Oszuści pod przykrywką prowadzonej akcji, skierowanej w grupę przestępczą włamującą się na konta bankowe, przekonali kobietę do wykonania operacji na jej rachunku
64-letnia mieszkanka powiatu zamojskiego, zawiadomiła policjantów o oszustwie i wyjaśniła, że na jej telefon z numeru zastrzeżonego zadzwonił mężczyzna, który przedstawił się za funkcjonariusza Centralnego Biura Antykorupcyjnego. W rozmowie poinformował ją o prowadzonych działaniach, wymierzonych przeciwko zorganizowanej grupie przestępczej dokonującej włamań na konta bankowe.
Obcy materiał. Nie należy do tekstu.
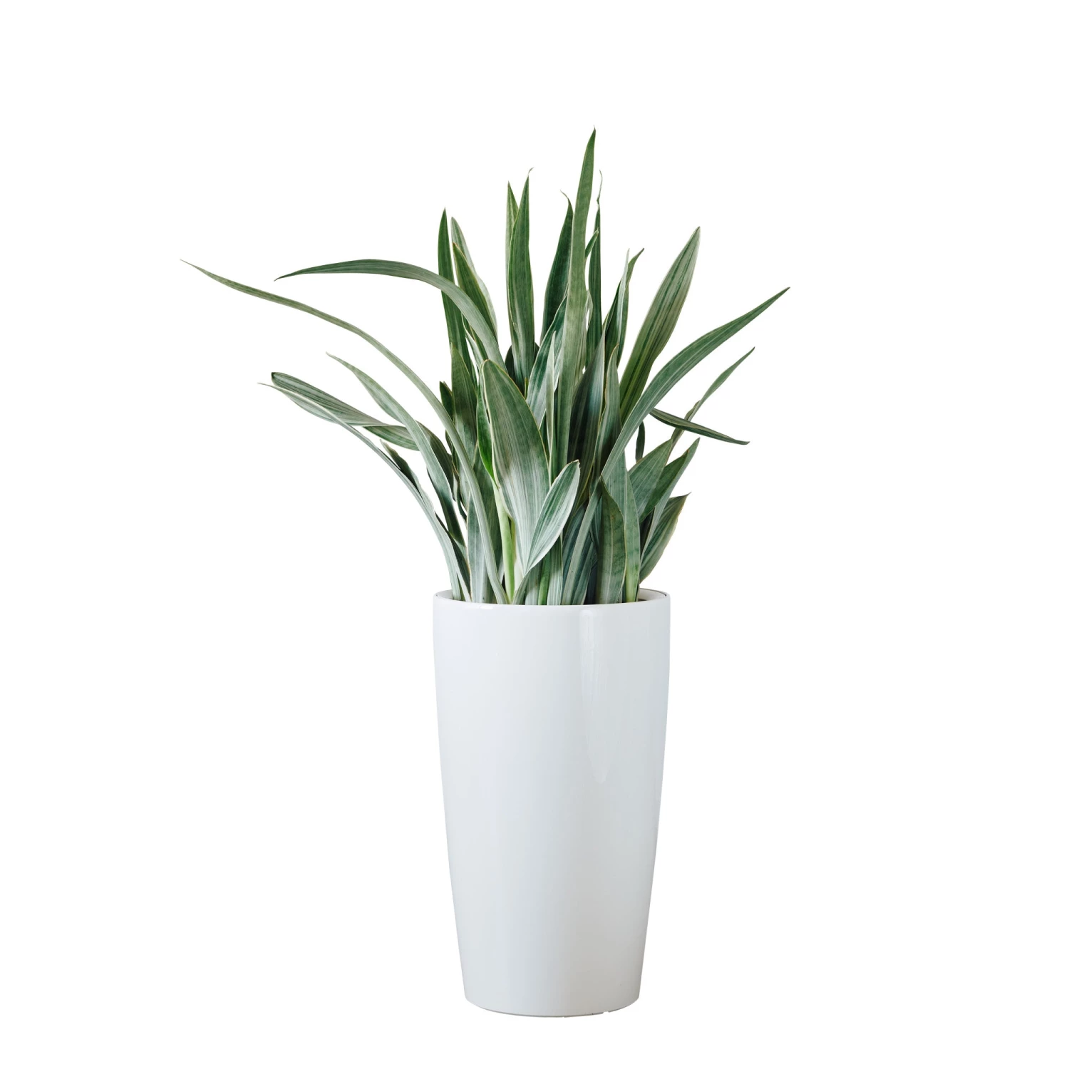 Potted in the elegant, tall, self-watering Rondo planter. Beautiful silvery-green color leaves will brighten any room. This plant is more uncommon Sansevieria variety a.k.a. Sansevieria Metallica or Sansevieria Silver Siam.

Wskazał przy tym, że środki finansowe zgromadzone na koncie 64-latki również są zagrożone. Dla uwiarygodnienia przedstawionej historii, w trakcie rozmowy, polecił kobiecie wybrać numer 997 w celu potwierdzenia jego tożsamości, a następnie przekazał telefon rzekomemu prokuratorowi.
-Zmanipulowana i przestraszona kobieta uwierzyła, że jej pomoc jest niezbędna w celu udaremnienia przestępczego procederu oraz w celu ochrony posiadanych przez nią oszczędności. Postępując zgodnie z otrzymywanymi instrukcjami wykonała 4 przelewy na wskazane przez nich konta bankowe. W ten sposób straciła ponad 170 tysięcy złotych – informuje aspirant sztabowy Katarzyna Szewczuk z zamojskiej policji.